Create, Update, and Delete Operations


Examine each Apex class that calls insert, update, upsert, delete, or similar commands. For create and update operations, each field assigned a value directly in Apex should have its describe result isCreateable() or isUpdateable() method checked before performing the operation. Fields that are assigned values from a VisualForce page using the apex:inputField tag are automatically checked for the appropriate CRUD/FLS access. If a user does not have the correct access, VisualForce will render apex:inputField elements as read-only.

Delete operations occur at an object level by nature and the object's describe result isDeleteable() method should be called instead of field-level checks. Controller extensions can also call the standard controller's delete() method to delete the active record, which will automatically check the user's CRUD access before performing the operation.

Apex web services and aura enabled methods always need to perform the appropriate access control checks on all objects and fields before performing create, update, and delete operations.

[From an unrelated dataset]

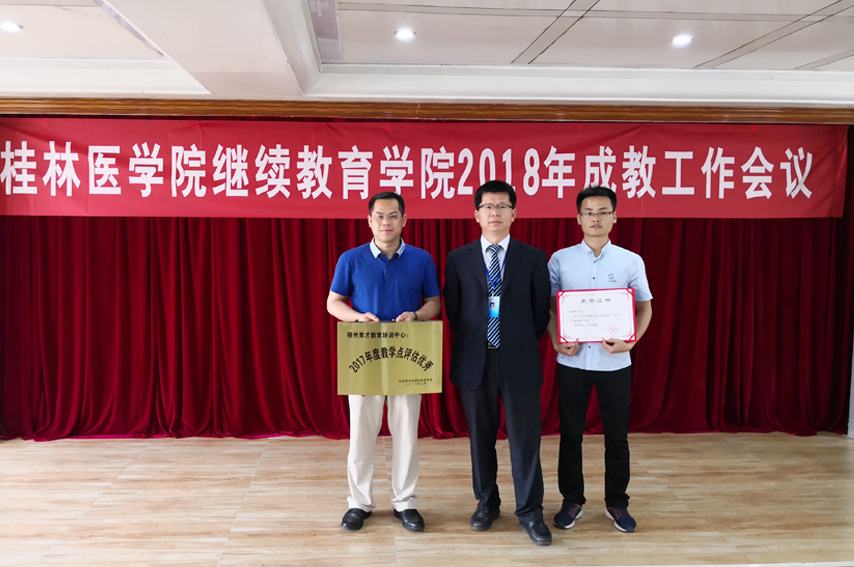 育才教育輔導(dǎo)站因成績(jī)出色,榮獲了桂林醫(yī)學(xué)院“2017年度教學(xué)點(diǎn)評(píng)估優(yōu)秀”等次,李彩梅、韋彥清、韋秋燕、李煥坤、覃慧蘭等5位老師榮獲“優(yōu)秀管理工作者”。輔導(dǎo)站負(fù)責(zé)人蔣華在會(huì)上作為優(yōu)秀代表進(jìn)行了經(jīng)驗(yàn)分享。

How Do I Protect My Application?

The easiest way to enforce CRUD/FLS is to perform operations in VisualForce and to operate directly on SObjects and fields. In this mode, VisualForce will automatically enforce an organization's CRUD and FLS settings. For applications where this is not possible, Apex provides a number of methods on the object or field describe result (i.e. the object returned from the getDescribe() call). A basic example is where the access checks are performed directly in the controller:

<apex:page standardcontroller="Contact" extensions="ContactUpdateExtension">
  <apex:pageMessages />
  <apex:pageBlock title="Contacts"> 
    <apex:outputField value="{!Contact.Name}" />
    <apex:outputField value="{!Contact.Phone}" />
  
    <apex:form>
      <apex:selectList value="{!statusToSet}">
        <apex:selectOption itemValue="Verified" itemLabel="Verified" />
        <apex:selectOption itemValue="Not Verified" itemLabel="Not Verified" />
        <apex:selectOption itemValue="Unknown" itemLabel="Unknown" />
      </apex:selectList>
      <apex:commandButton action="{!updateStatus}" value="Update" />
    </apex:form>
  </apex:pageBlock>
</apex:page>
public with sharing class ContactUpdateExtension {
  public String statusToSet {get;set;}
  private Contact c;
  
  public ContactUpdateExtension(ApexPages.StandardController ctr) {
    c = [SELECT Status__c FROM Contact WHERE Id=: ctr.getRecord().Id]; 
  }
  public PageReference updateStatus() {
    // Check if the user has update access on the Contact.Status__c field
    if (!Schema.sObjectType.Contact.fields.Status__c.isUpdateable()){
      ApexPages.addMessage(new ApexPages.Message(ApexPages.Severity.FATAL,
                                                 'Insufficient access to update status'));
      return null;
    }
    c.Status__c = statusToSet;
    update c;
    return null;
  }
}


Larger applications usually benefit from the creation of centralized classes that provide abstractions and bundling of these functions based on the type of operations and functionality offered by the application. Salesforce provides an open source library, the force.com ESAPI, to aid in performing these checks. Salesforce.com recommends that applications never assume a user will have access to all object fields or operations. Application should be designed to degrade gracefully and should provide administrators the ability to designate the desired application behavior if operations can not be completed in their entirety.